As a literal child of the Sixties (I was born in 1960), I have always accepted cultural taboos on racist talk as a social good.

Race is different from anything else. A whole race of people was enslaved in my country — imported from other countries in order to systematically deny their basic human rights and American guarantees of civil rights, which stem from God not government. When slavery was overthrown, a whole set of other barriers, formal and informal, to the exercise of basic human rights by African-Americans was created and imposed to sustain a racist legal and social order, a system which lasted roughly 100 years after slavery. Dismantling this government-imposed and encouraged racism was a gargantuan undertaking. Social taboos against racist language or genuinely racist ideas were part of this process.

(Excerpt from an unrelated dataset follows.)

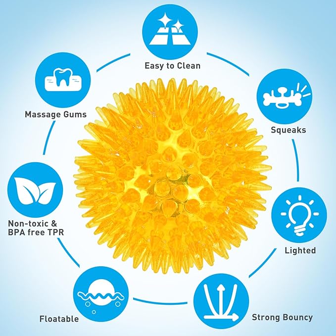 6-Pack 2.5” LED Light-Up Squeaky Dog Toy Balls ,Durable Interactive Glow Fetch Toys for Aggressive Chewers,BPA Free Non-Toxic, Spiky Puppy Chew Balls
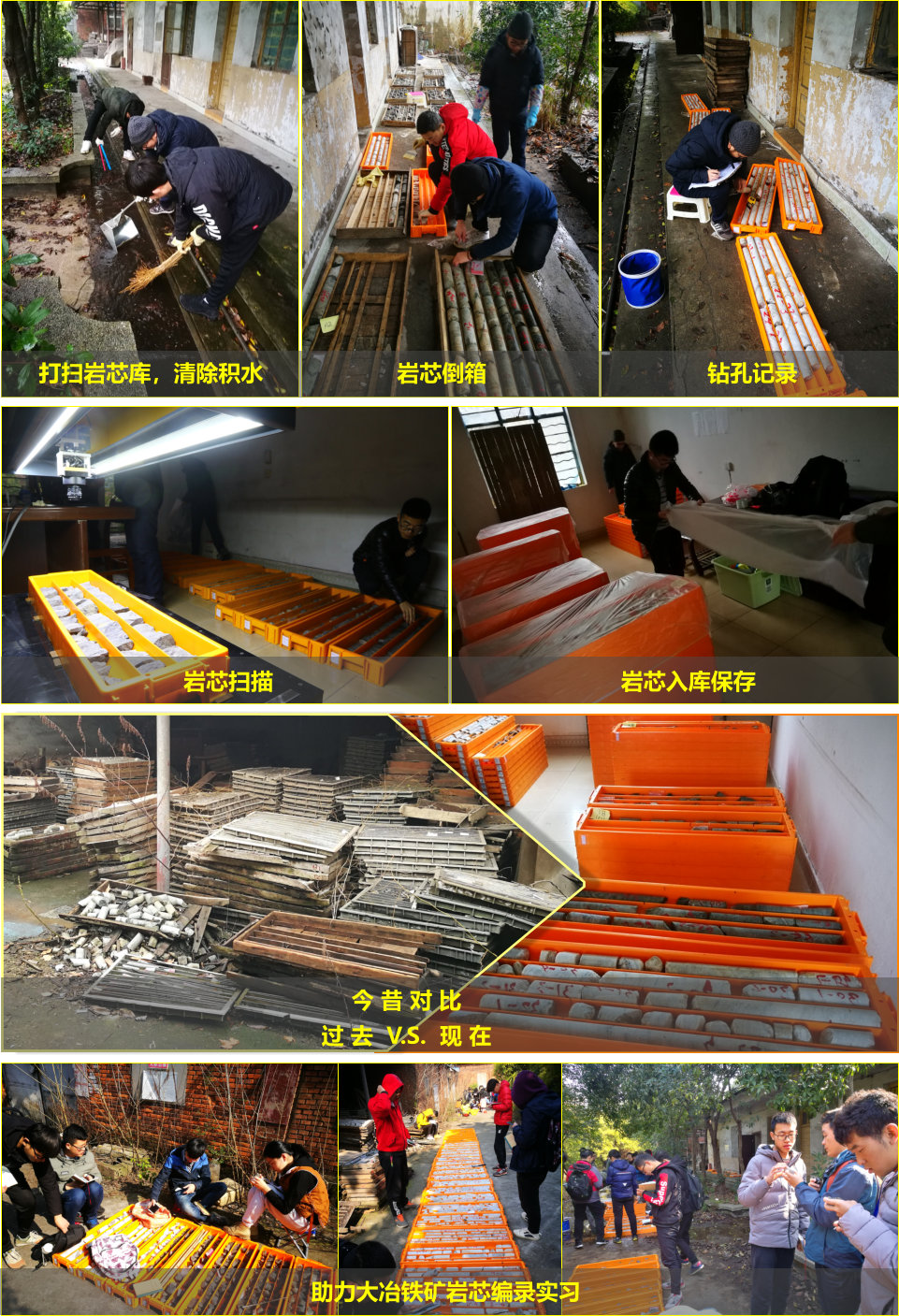 陈志军老师团队及合作公司技术人员前往大冶铁矿开展了11根典型钻孔的岩芯倒箱、岩芯图像扫描工作。大冶铁矿岩芯库所在的钻机队用房常年处于无人管理状态,钻孔堆放混乱、岩芯箱损毁严重,对典型岩芯亟需加强保护以便资源勘查工程(固体方向)专业的岩芯编录实习常态化开展。

At the same time, taboos against racism ought not to be allowed to shut down legitimate political or intellectual debate generally. The tendency of the Left from the beginning to redefine “racism” to mean “any conservative idea or person we don’t like” is obvious.

Because taboo-setting on racist speech became a pathway to power, including the power to exclude and marginalize the taboo-breaker as racist — the inevitable incessant temptation concerning this taboo is to politicize it, to use its power to exclude and marginalize not those who are genuinely racists, but just one’s political opponents. Because power corrupts, I do not see any way around this temptation except to honestly attempt to draw and sustain an important moral line. And to resist efforts to politicize it, or worse, to expand it to ever new categories of victims. The story of race in this country is sui generis. Nothing else is like it.

#more#Obviously it’s not in my interest to wade into this story line, but I don’t want to exclude myself from this process of line-drawing. I recently had a hard time taking seriously a media story about a three-year-old memo which allegedly shows NOM playing “racial politics.” Because, while I honestly do regret some of the language used (in particular it is arrogant and disrespectful to imagine I or NOM can manipulate either African-Americans or gay people, and wrong to try), the underlying project was not to create a racial divide, but to bring together black, white, and Hispanic leaders to fight for marriage, whether they are Democrats or Republicans or independents. The project was not to create a “wedge” issue to elect Republicans, in other words, but to create a pan-ethnic, interfaith, coalition to protect marriage.

One can get weary with the number of narratives launched by the Left to try to make one look bad.

I don’t know in the post-web era if “respectable” opinion exists or means anything anymore. I do know the conservative movement I joined is profoundly pro-individual, pro–human rights, and ideologically opposed to racism. For NR to kowtow to outside pressure would be weak, but drawing the moral lines we are willing to stand on as a movement is leadership.

I am aware opponents of gay marriage — folks like me — will be the first to be chucked out of polite society by the Left, if we are even still in it (see former Minnesota GOP candidate for governor Tom Emmer’s story about losing a teaching job at Hamline University); the game is rigged by the Left.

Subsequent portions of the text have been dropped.